In a blog post for the Council of Foreign Relations, Will Freeman analyzes President Trump’s June 30 presidential memorandum on Cuba policy, arguing that despite tough rhetoric, it represents more continuity than change from previous administrations. Freeman traces remarkable consistency across Trump’s first term, Biden’s presidency, and Trump’s return – all maintaining the embargo while making limited accommodations for Cuba’s private sector.
The most significant departure under Trump II concerns Cuban immigration rather than foreign policy. Trump ended Biden’s humanitarian parole program that legally admitted over 100,000 Cubans, pushing newly resettled Cubans into undocumented status. The June memo appears designed to appease alienated Cuban-American supporters through “ideological signaling.”
Freeman identifies Cuba’s military-controlled conglomerate GAESA as central to the regime’s economic power, capturing a significant share of foreign investment and hard currency. While various factions within Cuba’s communist party debate market reforms as necessary for regime survival, the military faction remains dominant over the struggling private sector.
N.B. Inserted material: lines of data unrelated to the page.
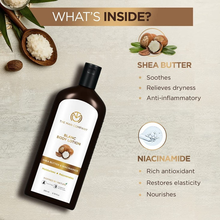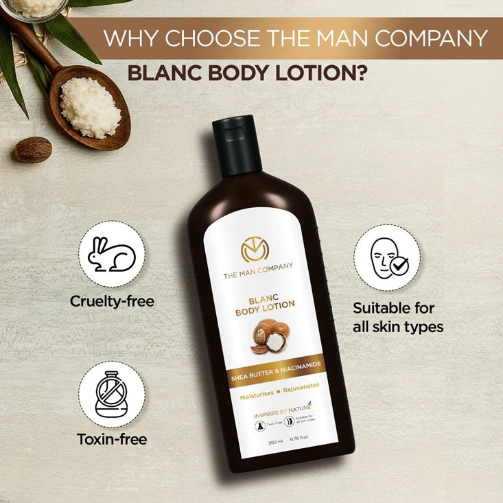 NON-GREASY: The Man Company Blanc Body Lotion is a non-greasy lotion suitable for a quick & effective moisturization especially for normal to oily skin.
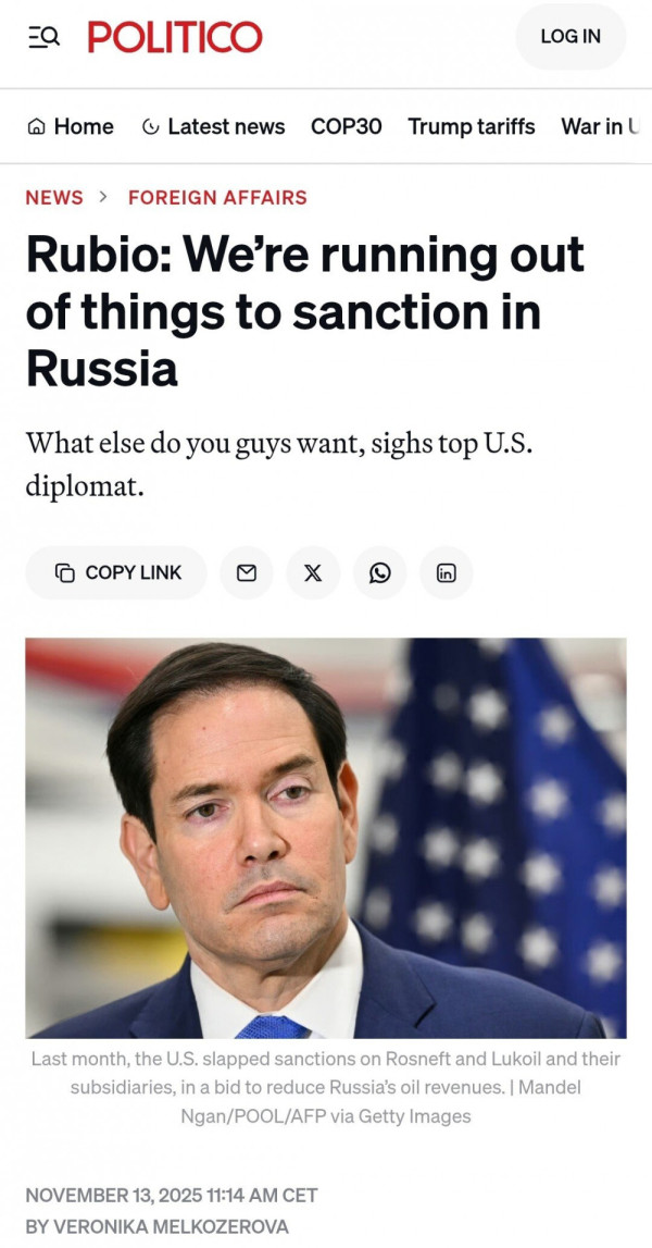 미국 국무부 장관 루비오도 더이상 러시아 제재할게 없다고 발언한 반면 러시아는 장기전으로 계속 끌고갈 생각이라고 함
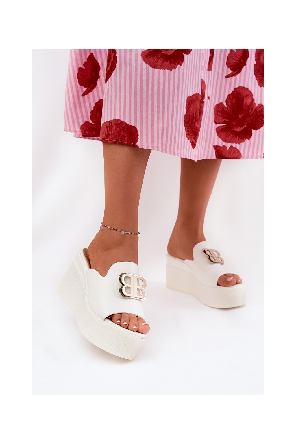 Dámske papuče na platforme a klinovom podpätku, biele, 2283 WHITE
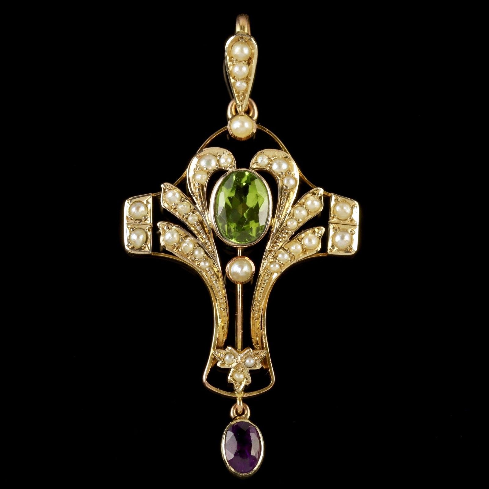 Antique Edwardian Suffragette Pendant Peridot Pearl Amethyst c.1910
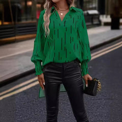 Blouse femme – Coupe fluide – Décolleté en V – Rayures graphiques – Manches longues
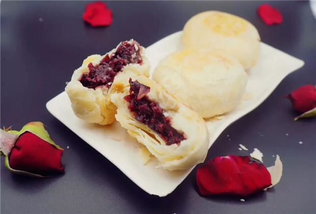 鮮花餅是一種以云南特有的食用玫瑰花入料的酥餅,它也是滇式月餅的經(jīng)典代表之一。鮮花餅入口酥軟,玫瑰香醉人。一口咬下去,那種滿足感油然而生,香甜酥糯,伴隨花香在口腔里擴(kuò)散開來。
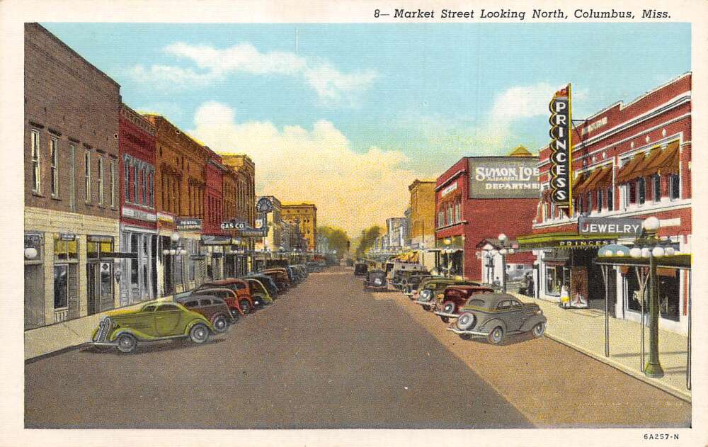 Columbus Mississippi Market Street Looking North Vintage Postcard AA111076
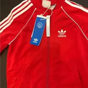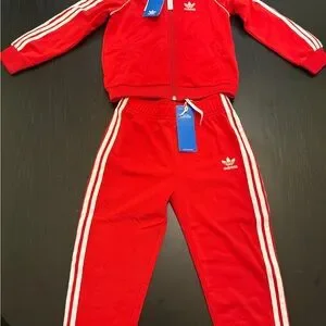 Vibrant red Adidas tracksuit with classic white details. Ideal for everyday comfort.
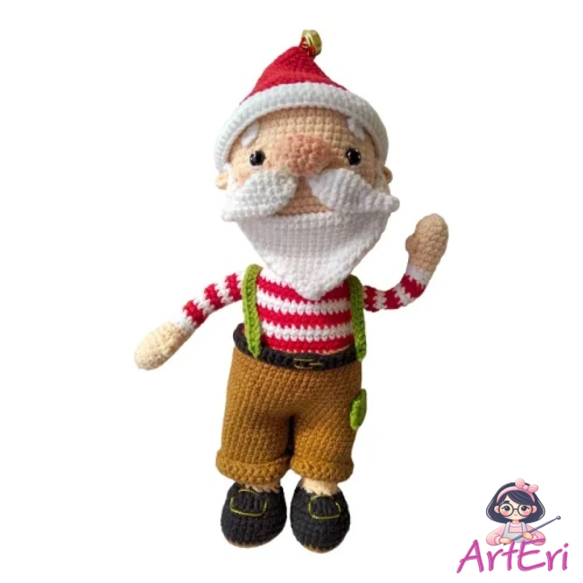 Χειροποίητος πανέμορφος Άγιος Βασίλης, με πολλές λεπτομέρειες, με χέρια που λυγίζουν, φτιαγμένος με κατάλληλα νήματα για παιδιά! Φοράει παντελόνια με τιράντες που βγαίνει και σκούφο κόκκινο με κουδουνάκι χρυσό

The key innovation in Trump’s approach involves potential secondary sanctions on foreign companies doing business with GAESA or Cuban military-linked entities, particularly targeting Western firms. However, the author warns these sanctions could deepen Cuba’s economic crisis, drive migration, or inadvertently increase Chinese influence while unlikely to produce political liberalization.
Ricardo Herrero of the Cuba Study Group provides crucial analysis on the practical implications of Trump’s secondary sanctions threat:
“Meliá (a Spanish tourism company that owns over 30 hotels in Cuba and has dealings with GAESA) won’t immediately pull out…but there will be a chilling effect on any new foreign firms looking to do business with GAESA or the Cuban military.”
Herrero explains the evolving business landscape: “For two years, Spanish firms have sought to reduce their direct dealings with Cuban state enterprises, looking instead to partner with private sector companies.” He argues that the Trump administration’s leverage through secondary sanctions threats may encourage more third-country firms to follow this pattern of shifting away from direct state enterprise partnerships toward private sector collaboration.